Congress Members to VA: Let Veterans Smoke Marijuana

Despite the men and women of the United States military being forced to risk life and limb to protect the agenda of the federal government, those who return home wounded from the battlefield are not given the same freedom to take advantage of statewide medical marijuana programs as the average citizen. Instead, the Department of Veterans Affairs has done everything in its power to prevent vets suffering from conditions ranging from chronic pain to PTSD from using cannabis products as an alternative to addictive pharmaceuticals, going as far as to implement policies that disqualify those who test positive for THC metabolites from receiving other, crucial VA benefits.

However, a bipartisan legion of U.S. House and Senate members recently stepped up in an attempt to strongly persuade the Department of Veterans Affairs to stop running interference with the health of military veterans when it comes to their choice of treating wartime ailments with cannabis. In a letter to VA Secretary Robert McDonald, the 21 Congressional enforcers advised the department to reconsider its current directive, which prevents physicians employed with the VA from providing veterans with recommendations that would allow them to take part in medical marijuana programs.

“According to the current directive, VA providers are prohibited from completing forms seeking recommendations or opinions regarding a veteran’s participation in a state-sanctioned marijuana program,” the letter reads. “This policy disincentivizes doctors and patients from being honest with each other.” 

The penned crack at twisting the arms of VA gatekeepers comes four days before the department’s current policy on this matter is set to expire. The goal is to pull the political wedge out of the ass of VA officials and get the department to relax the rules against cannabis, a substance legal for medicinal purposes in 23 states and the District of Columbia, so that veterans can be allowed the same right to all available treatment options as the rest of the population.

This push to bring the availability of medical marijuana to the veteran community is being led by several familiar faces in the realm of quasi pot reforms from atop of Capitol Hill.
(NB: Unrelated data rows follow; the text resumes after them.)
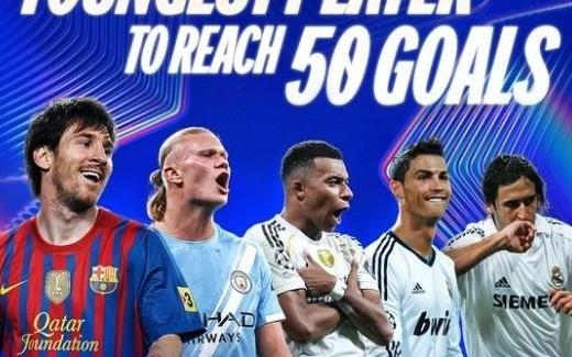 欧冠历史打进50球最年轻球员排行:梅西以24岁284天居首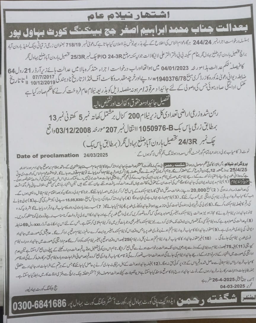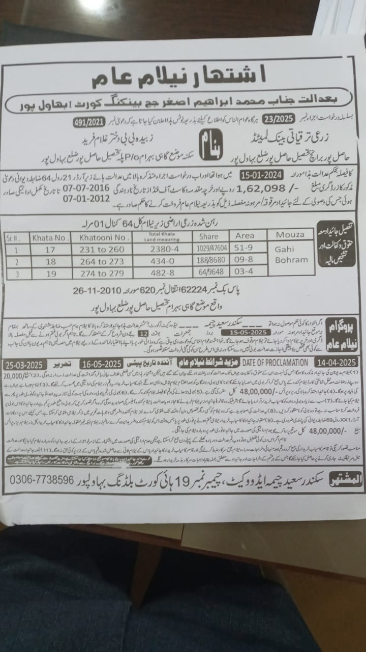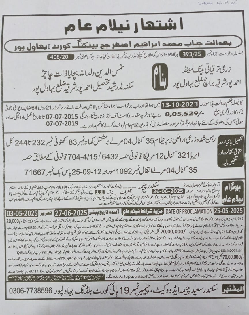 19. ZTBL احمد پور ایسٹ برانچ بمقابلہ شمس الدین ص/اے اللہ بچایا، پھانسی نمبر 393/2025 [26-جون-2025، جمعرات 12.00 بجے]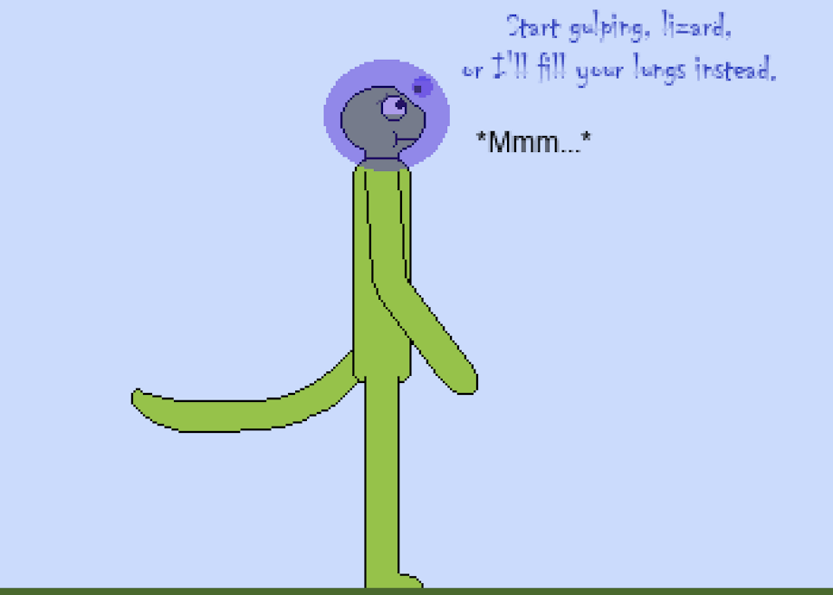 What's an air-breather to do, with a sentient ball of goop attaching itself to their head and demanding to be swallowed? He can't pry it off, and it's keeping him from breathing, so he'd better think of something soon! Though, he could always just give in, and gulp as much of it as his belly can hold, but it'll probably taste awful and make him sick...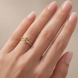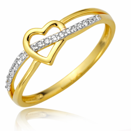 Romantyczny pierścionek wykonany z najwyższej jakości lśniącego blaskiem dwukolorowego złota próby 585, ozdobiony cyrkoniami usytuowanymi na subtelnej wstążce przeplatającej centralnie usytuowane serduszko.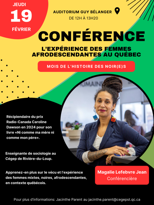 Dans le cadre du mois de l’histoire des Noir(e)s, le Cégep de Sorel-Tracy accueillera Magalie Lefebvre Jean qui a reçu le prix Radio-Canada Caroline Dawson dont l’objectif est de récompenser l’ouvrage d’une personne écrivaine francophone issue de la diversité.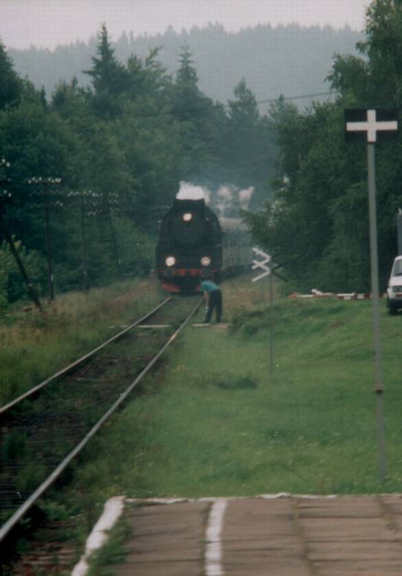 Krzeszna - odjazd "Costeriny" do Kościerzyny. Tor dodatkowy po prawej stronie już wtedy nie istniał. Widok od strony Kościerzyny.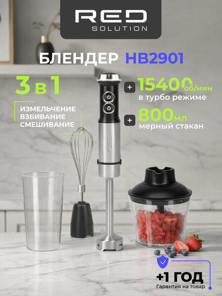 Погружной блендер RED SOLUTION HB2901 — мощный универсальный кухонный прибор, с которым домашняя кулинария выйдет на новый уровень. В комплектацию устройства входят три насадки (блендер, венчик и чаша-измельчитель) и высокий мерный стакан для смешивания. Готовьте соусы, крем-супы, молочные коктейли, измельчайте твердые продукты и меняйте привычную текстуру блюд — все это при помощи одного устройства. 3-в-1 Блендер — острые ножи из нержавеющей стали мгновенно измельчают продукты до однородной консистенции. Готовьте крем-супы, соусы, молочные коктейли и другие блюда, где главное — гладкая равномерная текстура. Венчик — приготовление белков для безе, мусса, воздушного бисквитного теста займет в разы меньше времени, чем при взбивании вручную. Измельчитель — длинные S-образные ножи идеально подходят для быстрой мелкой нарезки овощей, приготовления суповых смесей, основ овощных бульонов и рагу. Также в измельчителе удобно делать ягодные и фруктовые начинки из замороженных и свежих фруктов. Эргономичный дизайн Дизайн ручного блендера предельно строгий и лаконичный: классическое сочетание металла и черного матового пластика, удобные кнопки и рукоятка, интуитивно понятное управление. Плавная регулировка мощности и турборежим Регулятор на верхней части корпуса позволяет постепенно повышать скорость вращения ножей. Турборежим кратковременно повышает скорость до максимальной — это удобно, например, когда нужно разбить комочки или немного изменить текстуру блюда. Двойная защита двигателя Двигатель погружного блендера имеет двойную защиту: в случае риска перегрева и перегрузки устройство отключается автоматически.

They include, Senator Kirsten Gillibrand of New York, who got behind the overly hyped CARERS Act back in early 2015, as well as Representatives Earl Blumenauer of Oregon and Dana Rohrabacher of California, the two lawmakers responsible for the federal spending amendment that was supposed to prevent the Department of Justice and its DEA cronies from bullying the medical marijuana community.

Bringing attention to VHA Directive 2011-004, the lawmakers argue that Congress has started to recognize that the medicinal use of marijuana is becoming increasing more prominent across the United States, and that veterans deserve equal access. The letter points to the successful passage of an amendment attached to the 2016 Military Construction-Veterans Affairs appropriations bill, which would have allowed physicians to discuss medical marijuana with their patients, while eliminating all of the other ridiculous policies that punish veterans from testing positive for marijuana. But since Congressional leaders squashed the rider right before passing the final spending bill, lawmakers now want the VA to take the matter into their own hands.

“Congress has taken initial steps to alleviate this conflict in law and we will continue to work toward this goal,” the federal lawmakers wrote. “However, you are in a position to make this change when the current VHA directive expires at the end of this month. We ask that you act to ensure that our veterans’ access to care is not compromised and that doctors and patients are allowed to have honest discussions about treatment options.” 

Some statistics show that more than 20 veterans a day commit suicide as a result of PTSD and depression, while many others succumb to the perils of painkiller addiction and alcohol abuse in an effort to shadow the pain long enough to function like a normal human being. Although a number of studies indicate that cannabis eases the symptoms of PTSD, the federal government maintains “there is no evidence at this time that marijuana is an effective treatment for” this condition.